7 Steps of K-Fold Cross-Validation (for Hyperparameter Selection):
- Split Data: Divide the training data into K equal-sized folds (e.g., K=5 or K=10).
- Hyperparameter Grid: Define a set of hyperparameter values to evaluate.
- Iterate through Hyperparameters: For each set of hyperparameters:
4. Inner Loop (K-Fold Validation):- For each fold k from 1 to K:
- Train the model on the remaining K-1 folds.
- Evaluate the model’s performance on the k-th fold (validation fold).
- Calculate the average performance metric across all K folds. This is the cross-validation performance for the current hyperparameter set.
- For each fold k from 1 to K:
- Select Best Hyperparameters: Choose the hyperparameter set that yields the best average cross-validation performance.
- Train Final Model: Train the final model using the selected hyperparameters on the entire training dataset.
- Evaluate on Test Set: Evaluate the final model’s performance on the held-out test set to get an unbiased estimate of its generalization ability.
Cross-validation allows us to tune hyperparameters and select models using only the training data, preserving the test set for a truly independent final evaluation.
Understanding Feature Importance in Machine Learning – Further explore related concepts in machine learning.
Frequently Asked Questions
What is the difference between AI and ML?
Artificial intelligence (AI) is the broader field encompassing the creation of intelligent machines capable of mimicking human cognitive abilities like learning, problem-solving, and decision-making. Machine learning (ML) is a specific approach within AI that focuses on enabling machines to learn from data and improve their performance on tasks without explicit programming for every step. ML is a tool used to achieve AI.

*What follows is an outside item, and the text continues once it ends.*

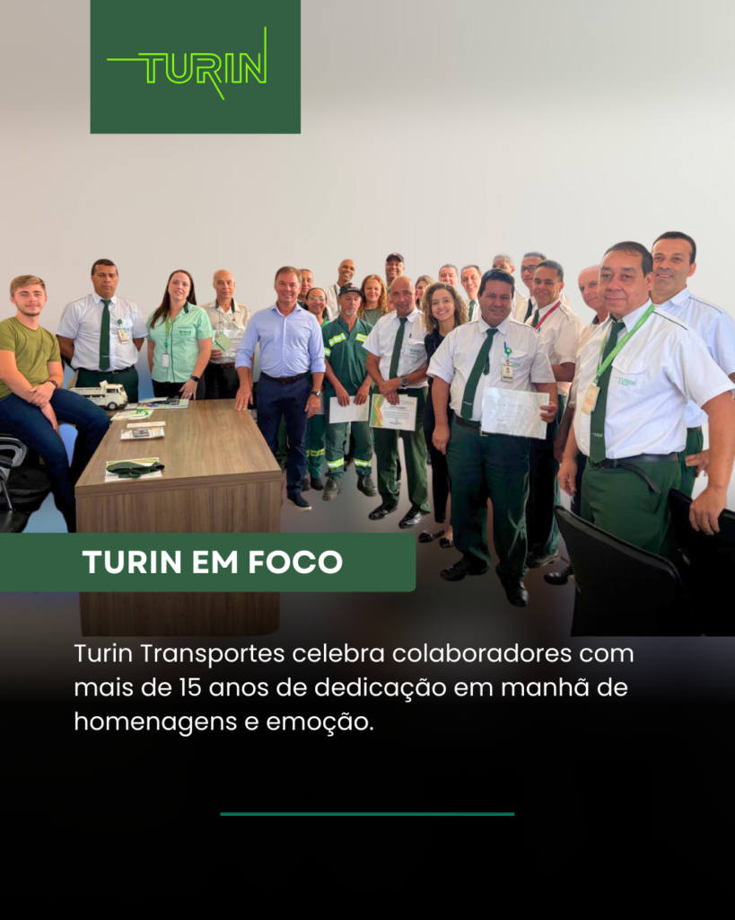 Na manhã desta quinta-feira, 13 de novembro, a Turin Transportes realizou uma homenagem especial aos colaboradores que completaram mais de 15 anos de empresa, reconhecendo a trajetória de profissionais que ajudaram — e continuam ajudando — a construir a história da empresa com compromisso, respeito e dedicação.

What are the 4 types of machine learning?
While often categorized into three, machine learning is sometimes described as having four types:
- Supervised Learning: Learning from labeled data.
- Unsupervised Learning: Learning from unlabeled data.
- Semi-Supervised Learning: Learning from a combination of labeled and unlabeled data.
- Reinforcement Learning: Learning through interaction with an environment and reward feedback.
What’s the difference between machine learning and deep learning?
Machine learning is a broad field encompassing various algorithms that enable machines to learn from data. Traditional machine learning often requires feature engineering and human intervention to guide the learning process. Deep learning is a subfield of machine learning that utilizes artificial neural networks with multiple layers (deep neural networks). Deep learning excels at automatically learning complex features from raw data, often requiring less human intervention compared to traditional machine learning for feature engineering and model refinement. Deep learning is particularly powerful for complex tasks like image recognition and natural language processing.